## DATA EXCERPTS
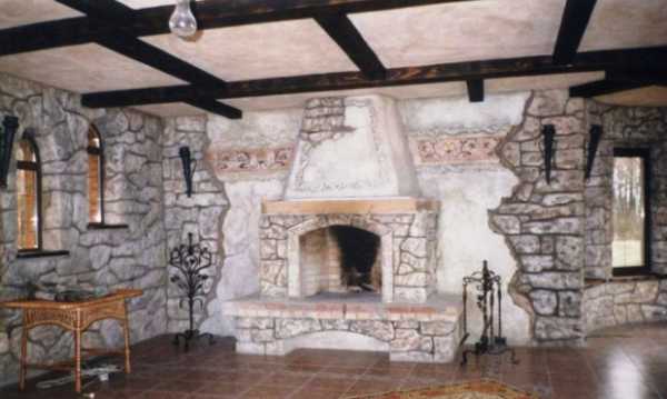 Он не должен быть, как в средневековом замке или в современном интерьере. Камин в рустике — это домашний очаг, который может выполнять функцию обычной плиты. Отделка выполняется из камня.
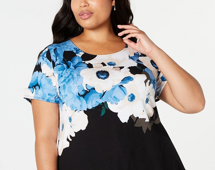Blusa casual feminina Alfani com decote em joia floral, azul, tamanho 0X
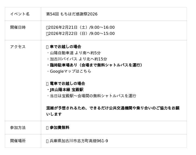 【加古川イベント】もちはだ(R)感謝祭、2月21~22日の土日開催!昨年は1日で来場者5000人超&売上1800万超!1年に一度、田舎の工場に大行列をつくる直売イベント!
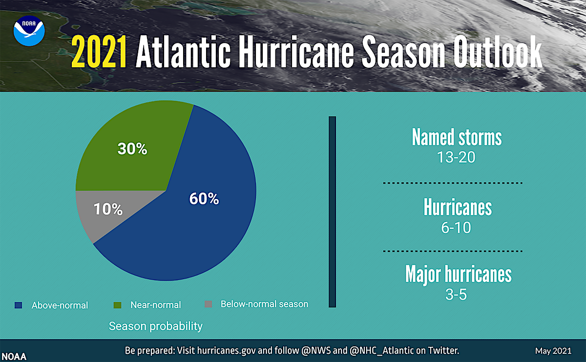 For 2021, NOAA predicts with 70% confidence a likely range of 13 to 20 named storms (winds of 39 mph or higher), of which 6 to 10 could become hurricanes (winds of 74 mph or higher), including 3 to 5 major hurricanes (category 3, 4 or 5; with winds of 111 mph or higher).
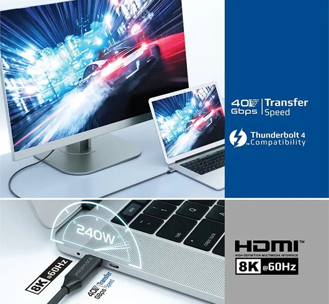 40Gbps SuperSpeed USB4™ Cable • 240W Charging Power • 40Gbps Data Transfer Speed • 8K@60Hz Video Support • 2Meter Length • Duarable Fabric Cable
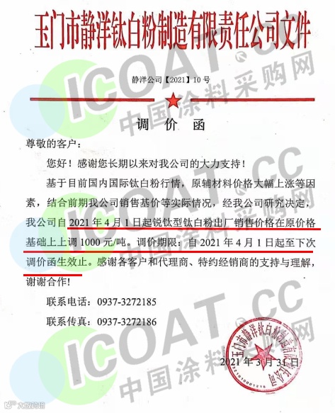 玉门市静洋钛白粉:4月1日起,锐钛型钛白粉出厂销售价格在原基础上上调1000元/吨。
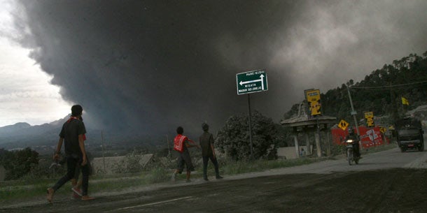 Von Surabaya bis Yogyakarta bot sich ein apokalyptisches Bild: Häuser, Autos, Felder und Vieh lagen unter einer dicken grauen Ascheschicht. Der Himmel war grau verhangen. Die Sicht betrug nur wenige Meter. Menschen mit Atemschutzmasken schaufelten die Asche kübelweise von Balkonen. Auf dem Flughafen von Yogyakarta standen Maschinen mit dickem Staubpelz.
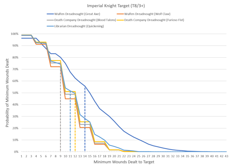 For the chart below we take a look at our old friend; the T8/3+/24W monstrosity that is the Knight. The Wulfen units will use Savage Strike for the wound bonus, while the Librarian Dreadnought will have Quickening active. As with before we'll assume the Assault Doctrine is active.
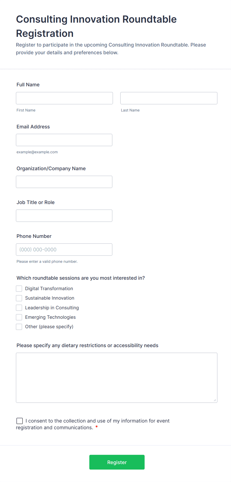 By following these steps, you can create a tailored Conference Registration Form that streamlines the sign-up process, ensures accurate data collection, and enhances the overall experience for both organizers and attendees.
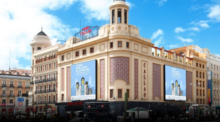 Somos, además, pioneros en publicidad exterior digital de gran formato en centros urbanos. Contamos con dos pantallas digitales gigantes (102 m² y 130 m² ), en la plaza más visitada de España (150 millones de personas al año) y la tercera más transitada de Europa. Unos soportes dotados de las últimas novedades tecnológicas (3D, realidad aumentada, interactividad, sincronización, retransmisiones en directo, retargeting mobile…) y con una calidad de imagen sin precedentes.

## EXERCISE PROMPT
With the pictures excluded, restate the material exactly as it stands.

## FINAL ANSWER
 Он не должен быть, как в средневековом замке или в современном интерьере. Камин в рустике — это домашний очаг, который может выполнять функцию обычной плиты. Отделка выполняется из камня.
Blusa casual feminina Alfani com decote em joia floral, azul, tamanho 0X
 【加古川イベント】もちはだ(R)感謝祭、2月21~22日の土日開催!昨年は1日で来場者5000人超&売上1800万超!1年に一度、田舎の工場に大行列をつくる直売イベント!
 For 2021, NOAA predicts with 70% confidence a likely range of 13 to 20 named storms (winds of 39 mph or higher), of which 6 to 10 could become hurricanes (winds of 74 mph or higher), including 3 to 5 major hurricanes (category 3, 4 or 5; with winds of 111 mph or higher).
 40Gbps SuperSpeed USB4™ Cable • 240W Charging Power • 40Gbps Data Transfer Speed • 8K@60Hz Video Support • 2Meter Length • Duarable Fabric Cable
 玉门市静洋钛白粉:4月1日起,锐钛型钛白粉出厂销售价格在原基础上上调1000元/吨。
 Von Surabaya bis Yogyakarta bot sich ein apokalyptisches Bild: Häuser, Autos, Felder und Vieh lagen unter einer dicken grauen Ascheschicht. Der Himmel war grau verhangen. Die Sicht betrug nur wenige Meter. Menschen mit Atemschutzmasken schaufelten die Asche kübelweise von Balkonen. Auf dem Flughafen von Yogyakarta standen Maschinen mit dickem Staubpelz.
 For the chart below we take a look at our old friend; the T8/3+/24W monstrosity that is the Knight. The Wulfen units will use Savage Strike for the wound bonus, while the Librarian Dreadnought will have Quickening active. As with before we'll assume the Assault Doctrine is active.
 By following these steps, you can create a tailored Conference Registration Form that streamlines the sign-up process, ensures accurate data collection, and enhances the overall experience for both organizers and attendees.
 Somos, además, pioneros en publicidad exterior digital de gran formato en centros urbanos. Contamos con dos pantallas digitales gigantes (102 m² y 130 m² ), en la plaza más visitada de España (150 millones de personas al año) y la tercera más transitada de Europa. Unos soportes dotados de las últimas novedades tecnológicas (3D, realidad aumentada, interactividad, sincronización, retransmisiones en directo, retargeting mobile…) y con una calidad de imagen sin precedentes.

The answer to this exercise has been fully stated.